Décès, violences, arrestations et refoulements semblent le quotidien des migrants dans les régions de Tétouan et celles proches de Sebta et Mellilia.
Pas plus tard que le 4 janvier dernier, trois migrants ont trouvé la mort et 200 autres ont été arrêtés alors que 20 personnes ont été transférées aux hôpitaux de Fnideq et M’diq pour recevoir les soins nécessaires suite à une tentative de franchissement des barrières séparant le Maroc de ses présides occupés. Deux hommes et une femme auraient subi une opération chirurgicale vu la gravité de leurs blessures. Même les 17 personnes qui ont réussi à franchir la clôture n’ont pas été épargnées puisqu’elles ont été refoulées à chaud vers le Maroc.
Un scénario à l’identique de celui du 25 décembre dernier qui a enregistré trois décès et 19 blessés dont trois dans un état grave après une tentative de 185 Subsahariens d’escalader les barrières. Plusieurs d’entre eux ont été arrêtés et refoulés vers Agadir et Tiznit.

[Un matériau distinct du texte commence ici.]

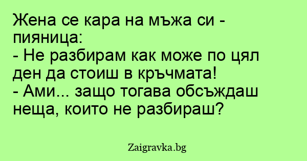 - Не разбирам как може по цял ден да стоиш в кръчмата!
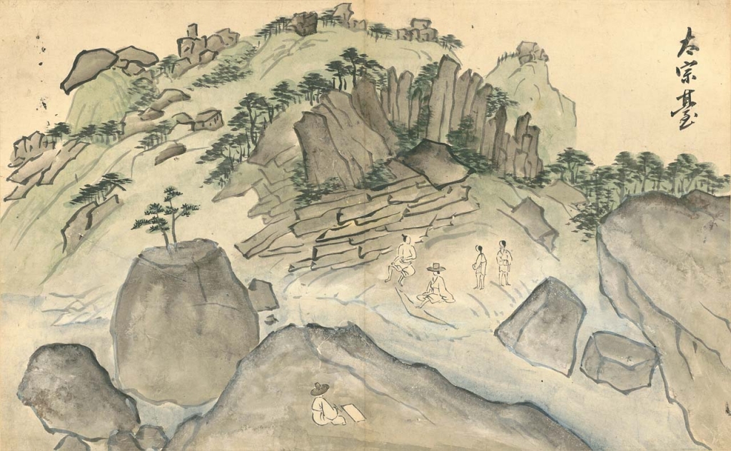 另一位著名的畫家金弘道(約生於1745後—1806)也與先前介紹的鄭敾,共同形塑了18世紀以圖繪金剛山為母題的繪畫傳統。1788年,因為朝鮮國王無法出宮,金弘道奉皇室之命前往圖繪金剛山的景象。現今仍存有此次金弘道前往金剛山途中,沿途為了繪製金剛山所製作的草圖(圖15)。金弘道成功地利用細膩的筆法表現金剛山的地貌與周遭的環境。與鄭敾所繪的〈金剛全圖〉相較之下,金弘道所繪的金剛山有別於鄭敾以鳥瞰呈現的視角,他利用較為平視的手法呈現金剛山的景色,而金弘道大膽地利用西方的明暗法和大氣近遠法表現了「真景」之感。18世紀,描繪「真景山水」新趨勢的形成,與當時的經濟和文化發展密切相關,而為了描繪「真景」的實地踏訪,也促成朝鮮文人對於旅行與藝術社交活動的興趣。然而,「真景山水」隨著19世紀朝鮮人對於中國經典興趣的復興後,遂逐漸失去其熱度。18世紀的朝鮮,則成為「真景山水」最後盛行的年代。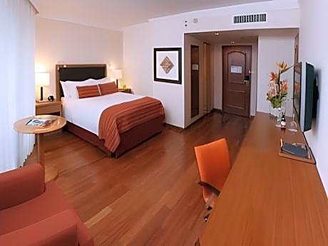 Hotel Intercontinental offers pleasant gold and peach rooms with free WiFi in downtown Cali, 7.5 mi from Alfonso Bonilla Aragón Airport. Facilities include a pool and health club. The floodlit rooms at Intercontinental Cali have wood floors. All are equipped with air conditioning, cable TV and have queen-size beds. La Terraza Restaurant offers casual dining, while the Fogón de Piedra serves delicious hot stone barbecues. There are pizzas and fresh pasta in La Pizzeria, while La Brasserie serves breakfast buffet daily. Additional guest facilities at Hotel Intercontinental Cali include free parking and a business center. If traveling with your child under eighteen (18) years old, you must present the minor’s ID and the document that corroborates the kinship in first degree of consanguinity (biological father - child) or first degree of civil kinship (adoptive father - adopted son). If the minor does not travel in the company of his parents, it will be indispensable that the responsible adult delivers at the reception, in addition to the ID of the minor, the permission of the parents with personal presentation before a notary public, together with the copy of the identification document of those who gave the authorization. Without this documentation, minors will not be allowed in the hotel. This is in accordance with the law.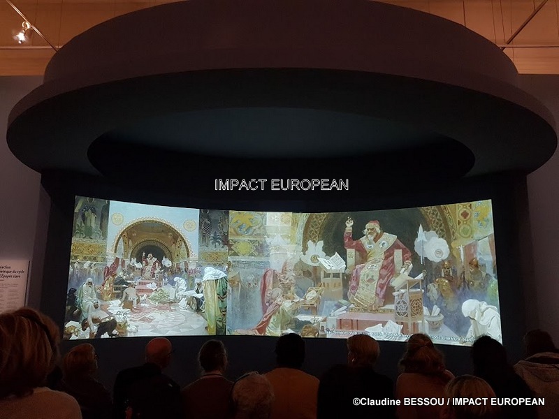 En 1910 Mucha retrouve sa terre natale pour mettre son art au service de ses compatriotes. Il s’installe en Bohême occidentale et se concentre sur le projet de l’Epopée Slave, qui encourage et guide la population dans la culture de sa propre histoire.
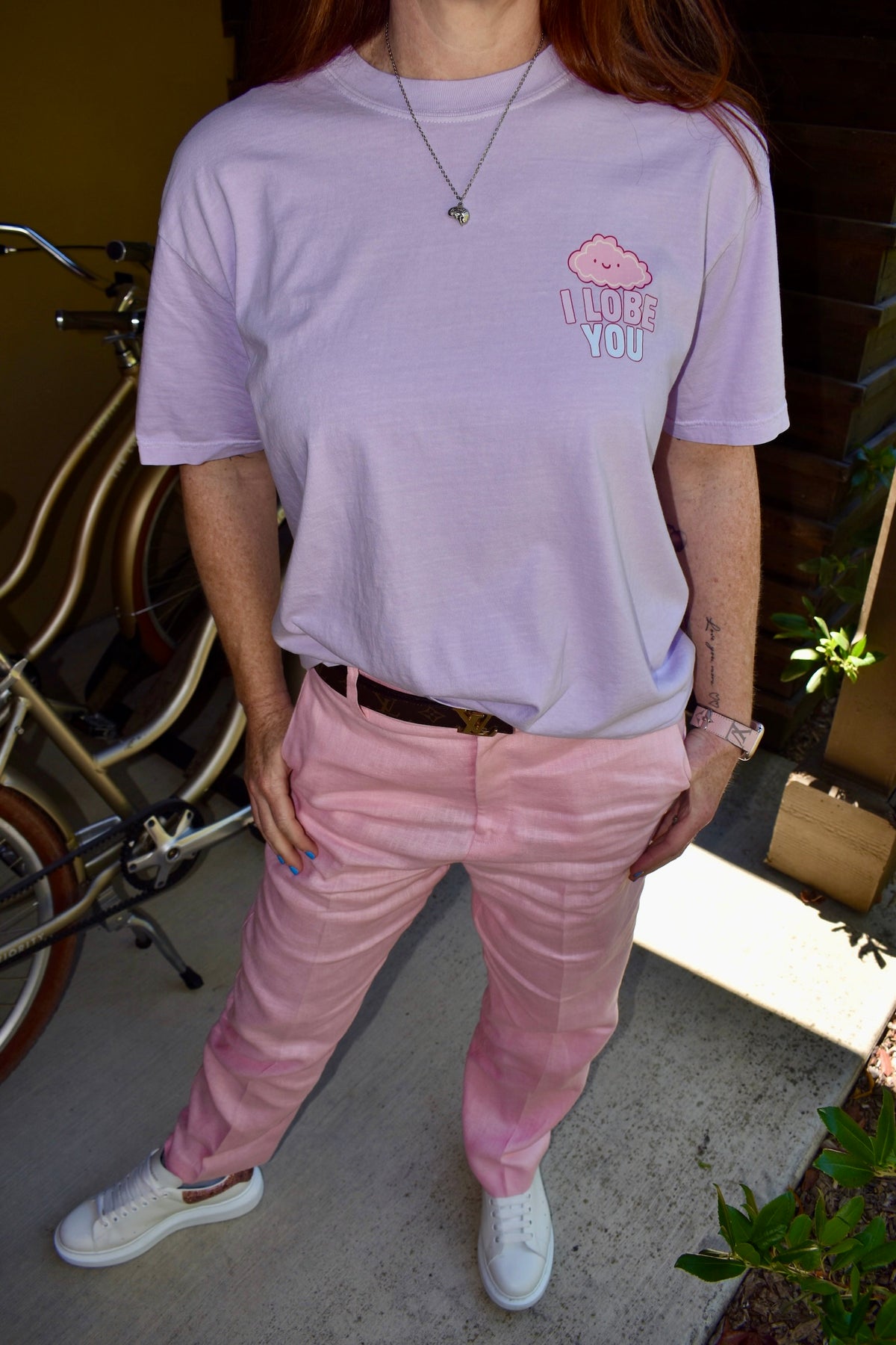 - "I Lobe You" pun with cute cartoon brain on upper left chest

Selon un communiqué de l’Association Mains solidaires, ce durcissement de ton date d’octobre dernier lorsque les autorités ont procédé à des opérations de ratissage qui se sont soldées par des arrestations et des refoulements forcés vers l’intérieur du pays. Des mesures qui ont concerné même les migrants réguliers au motif que ces derniers doivent rester dans les villes où ils ont reçu leur carte de résidence.
«Les opérations d’arrestations et de refoulements forcés vers l’intérieur du pays sont de plus en plus fréquentes depuis octobre dernier. Tous les 10 jours, on assiste à de telles opérations », nous a indiqué Hassan Ammari, expert en question migratoire. Et de préciser : «Nador, Fnideq, Mellilia et Tanger sont devenus des lieux de transit vers des villes comme Fès, Meknès, Agadir et Tiznit ».
Comment peut-on expliquer cette situation ? « Il ne peut y avoir qu’une seule explication. Le Maroc a certainement signé des accords l’obligeant à réagir ainsi. Il n’y aurait pas un tel agissement de la part du Royaume s’il n’y avait pas entente avec l’Espagne», nous a expliqué notre source. Une position qui semble contre-productive à long terme, selon Hassan Ammari. D’après lui, le Maroc agit dans l’intérêt de l’Espagne mais risque trop en termes d’image comme pays où l’on respecte les droits de l’Homme. « L’Espagne est la grande gagnante mais pas autant pour notre pays puisque les projecteurs sont de plus en plus braqués sur son respect des droits de l’Homme en matière de migration. Le rappel fait par Nils Muznieks, commissaire aux droits de l'Homme du Conseil de l'Europe qui a demandé plus de respect des droits des migrants, en dit long sur ce respect », nous a déclaré notre source. Et d’ajouter : « Ceci d’autant plus que les opérations d’arrestations et de refoulements vers l’intérieur du pays n’ont rien d’efficace puisque les mêmes personnes expulsées reviennent sur les lieux 48 heures plus tard ».
Une mauvaise passe que Human Rights Watch a déjà soulevée en 2014. L’ONG a appelé les autorités espagnoles et marocaines à mettre en place des procédures afin de protéger les droits des migrants et de bannir les expulsions sommaires aux frontières. «L’expulsion de personnes hors des frontières, sans procédure régulière, ni recherche de protection, viole les lois espagnole, européenne et internationale», a expliqué Judith Sunderland, chercheuse senior pour l’Europe occidentale à Human Rights Watch. « D’autant plus que les migrants renvoyés de force au Maroc doivent faire face à des actes de violence et à d’autres abus pratiqués par les forces de sécurité marocaines», a-t-elle ajouté.
« Les mesures espagnoles visent à sécuriser leurs frontières avec le Maroc mais la situation risque de devenir plus tendue suite aux pressions européennes pour que le Maroc signe l’accord de réadmission. Et du coup, beaucoup de vigilance s’impose de la part des autorités marocaines », a conclu Hassan Ammari.